This hugely useful guide to How to have an independent wedding ceremony in Devon & Cornwall comes from guest blogger Kim Murray, an independent celebrant at Free Range Weddings, and formerly deputy registrar/superintendent registrar for five years here in Devon.

independent wedding ceremony in Devon & Cornwall credit charliedaviesphotography


Usually, after the congratulations, people will ask you: “Where are you getting married?”And, after reading this, you will know that you can answer: “Wherever we want, any place we like”

“Any place” can be, [but doesn’t have to be]

  • a church
  • a Registration Office
  • a grand licensed-for-marriages venue

OR, it can in fact be held in any place at all.

There are some fantastic wedding venues without a licence, providing amazing indoor/outdoor/tented options for magical personalised ceremonies.

But you don’t even have to actually have an established venue because, with a bit of careful planning, it is possible to have your ceremony on a beach, in a field, on the moor. You might also want to think about a village hall with a garden or even your own home and garden.

How can this work?

It helps to think of your wedding in two parts:

  • the legal requirement
  • the actual ceremony

In the UK we’re used to having to choose between a religious ceremony and a civil ceremony; in both cases the legal requirement and the ceremony take place at the same time.  Because of the legal status of these ceremonies there are necessarily certain restrictions on the words used and, because of the number of marriages held on one day, limits for flexibility on timings and content.

In many other countries this is not the case at all.  The legal requirement is dealt with quite separately from the ceremony, even when that ceremony is held in a church. In France, for example, the couple first go along to the town hall and sign a legal document and then go elsewhere for their actual ceremony.

In this country there’s a growing popularity for choosing a similar route: a simple, fifteen minute,  legal marriage at a Registration Office with just two witnesses held in the weeks/days before a full wedding ceremony, which is conducted by an independent celebrant in front of all your family and friends.

So how do I organise this? 

It’s pretty simple with this 8 step guide:

  1. Choose the place you want to have your independent wedding ceremony
  1. Choose the date of your independent wedding ceremony

Once you have decided these two things you can start planning all the preliminaries around your date and place.

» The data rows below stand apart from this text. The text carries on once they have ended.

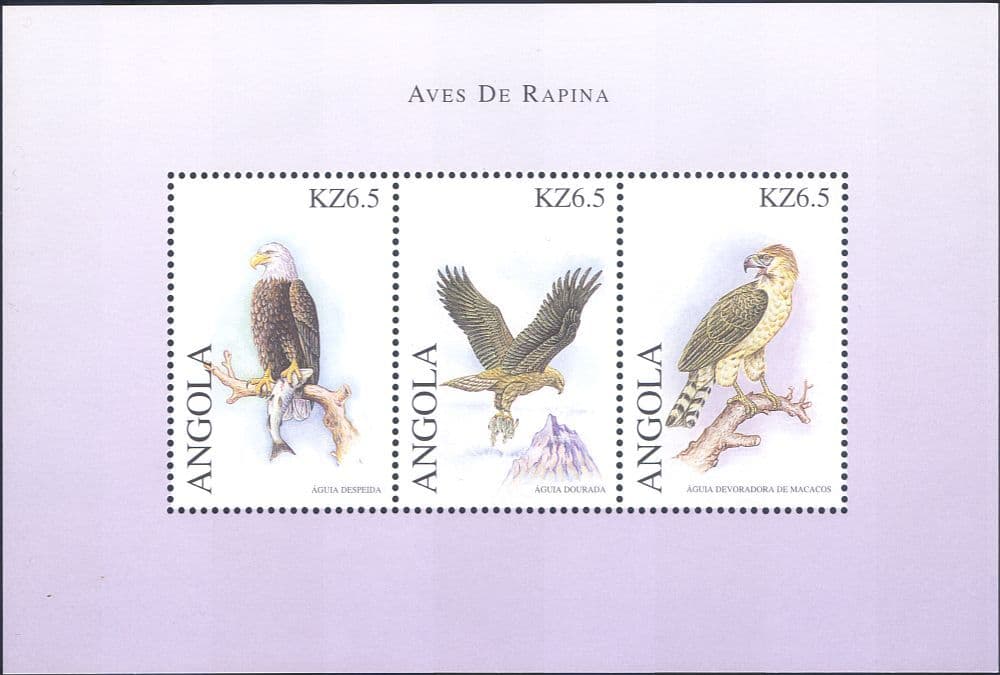 More InformationAngola 2000 Birds of Prey : Eagles 3 value miniature sheet featuring Bald Eagle, Tawny Eagle and Eagle - in superb u/m (mnh) condition - excellent country, birds, raptors, animals, nature, wildlife, conservation, environment thematics. If you cannot find the specific stamp set or thematic/topic you are looking for either here in my shop or at the brumstamp stamp shop on eBay http://stores.shop.ebay.co.uk/The-Brumstamp-Stamp-Shop please do not hesitate to contact me. Enjoy browsing and shopping. Andrea!
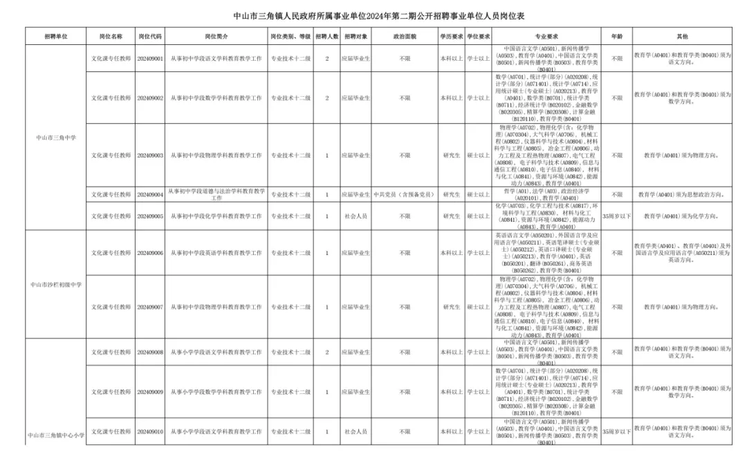 三角镇公办中小学是隶属于三角镇人民政府管理的事业单位,现因学校教育事业发展需要,面向社会公开招聘事业单位人员。
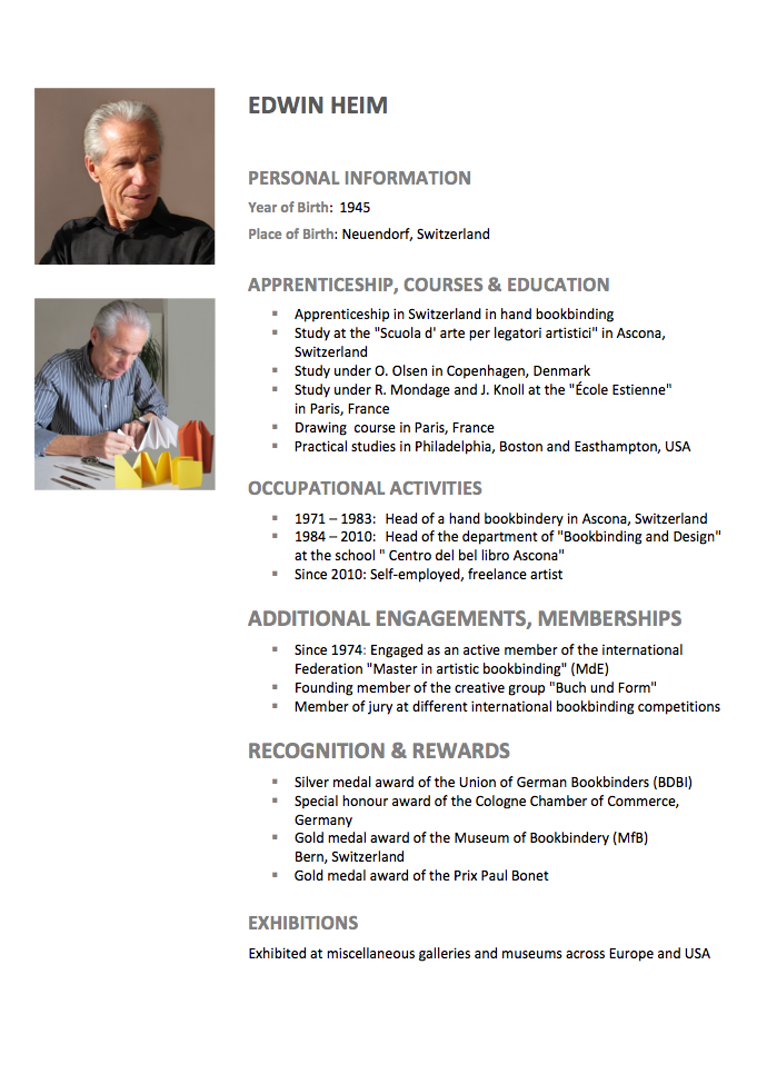 2015年一月三十日,敝人於國家圖書館講「三十年德國古書修復.抄補法」,並在演講廳前舉辦一個「藝術裝幀書展」,展出三位歐洲裝幀大師: Luise Karl、Natterer Susanne、Ingela Dierick用紙、羊皮作成的精美書與盒,皆是傳統裝幀技法,細節精緻之極,不易立即透視其結構,Heim的小品正是引路石.
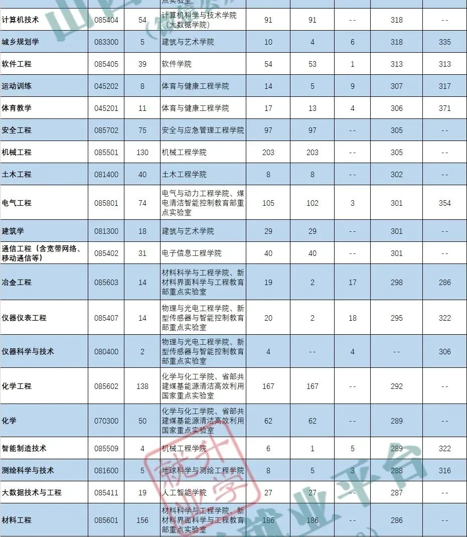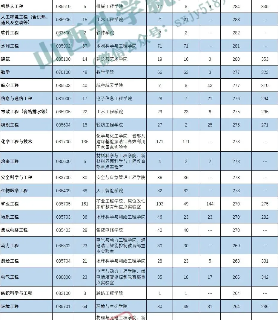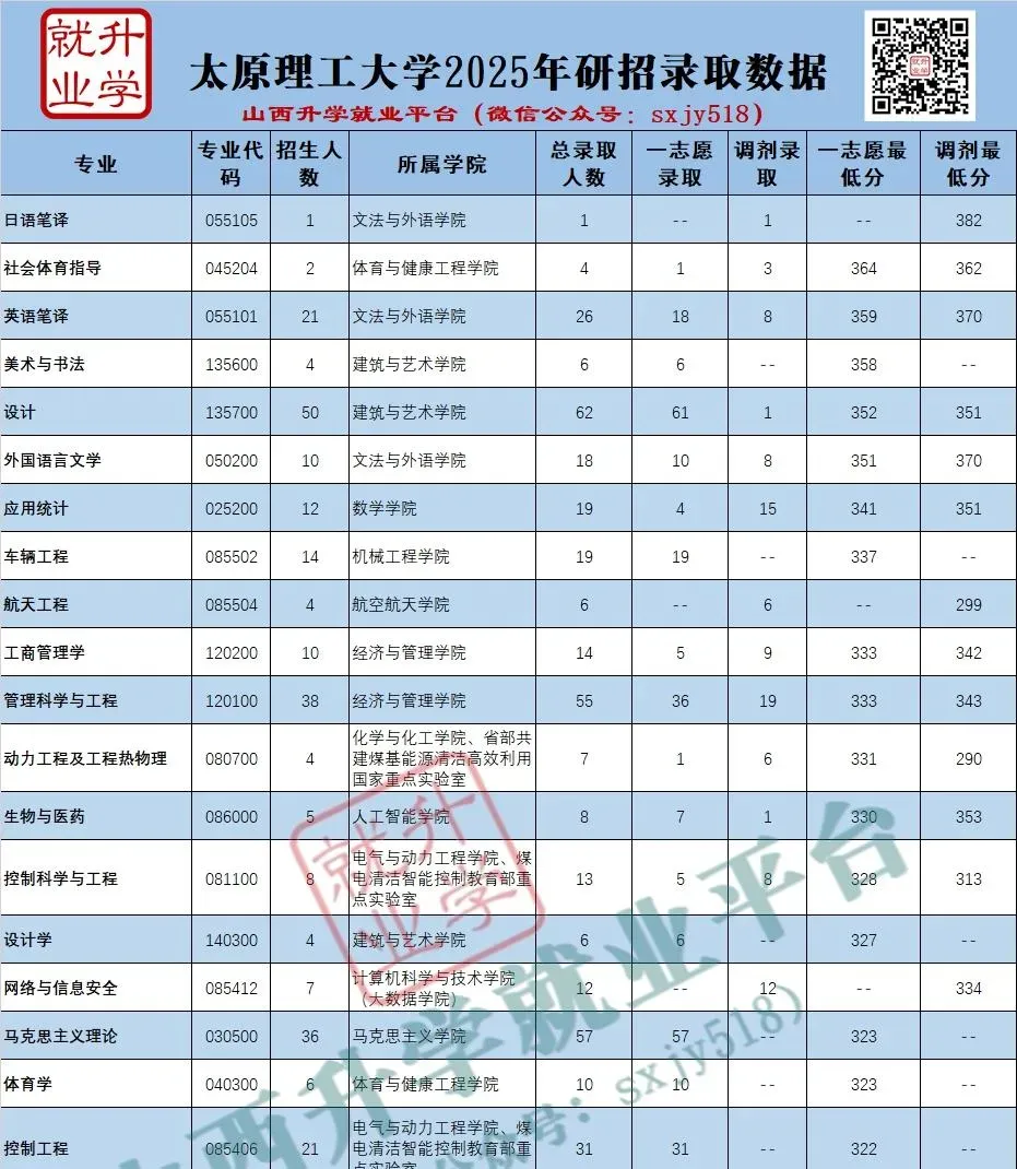 太原理工大学2025年一志愿分数线、调剂分数线
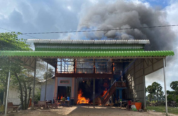 ខេត្តព្រៃវែង ៖ ប្តីប្រពន្ធ ២នាក់ បាននាំគ្នាក្រោកវេចបាយទៅស្រែ តាំងពីព្រឹកព្រលឹមស្រាងៗ ដោយទុកឱ្យកូនស្រីនៅចាំផ្ទះតែម្នាក់ឯង លុះក្រោយមក មិនដឹងថាយ៉ាងម៉េច ស្រាប់តែកើតមានអគ្គិភ័យ ឆាបឆេះផ្ទះយ៉ាងសន្ធោសន្ធៅ បណ្តាលឱ្យរងការខូចខាតអស់ទាំងស្រុង គិតជាទឹកប្រាក់ សរុបប្រមាណជាង ៧ពាន់ដុល្លារ។
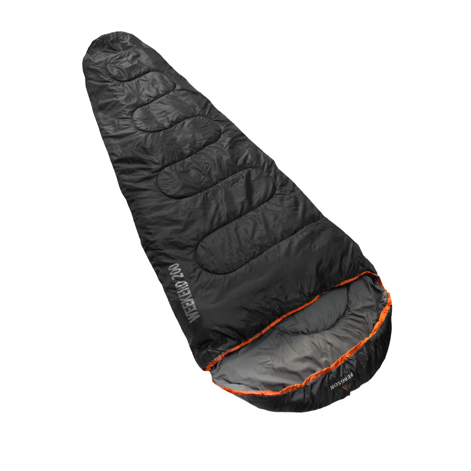Letni śpiwór w kształcie mumii z wypełnieniem syntetycznym.
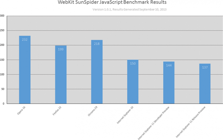These are of course very minor differences. Microsoft managed to improve its average SunSpider score by just 7ms, from 144ms in the Developer Preview to 137ms in the Release Preview.
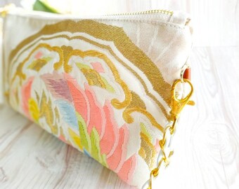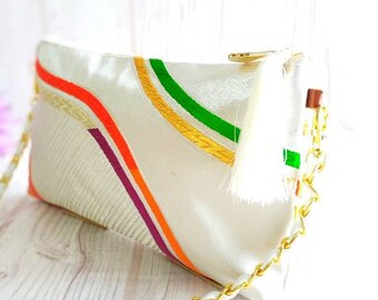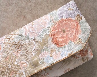 bridal clutch bag recrafted from Vintage Japanese Kimono Obi, wedding clutch, handbag clutch white, Japanese clutch

And now for the legal niceties …

GIVING NOTICE of marriage is the first legal step.  Everybody has to do this before they may marry.

So ~

  1. Choose a registration office  for your legal marriage.

You may choose any office in England and Wales for the marriage.

If you are coming to Devon (yay!) in the week before your wedding, and you wish to do the legal bit here you can find a local Registration Office here: I have conducted ceremonies on two occasions where the couple have been to the Registration Office in the morning and had their independent wedding ceremony in the afternoon of the same day – but I’m in awe of their organisational skills!

You need to decide on the registration office first, because it will be recorded when you give notice and if you change your mind later you would have to go through the whole process, including paying the fee, all over again.

  1. Now you need to make a phone call to the Registration Office where you would like to have your legal marriage, to book a date and time.

In Devon, this telephone number is 0345 155 1002.

You just need to ask to book a marriage ceremony and they’ll ask all the relevant questions. It’s good to confirm you can have the date and time that you want.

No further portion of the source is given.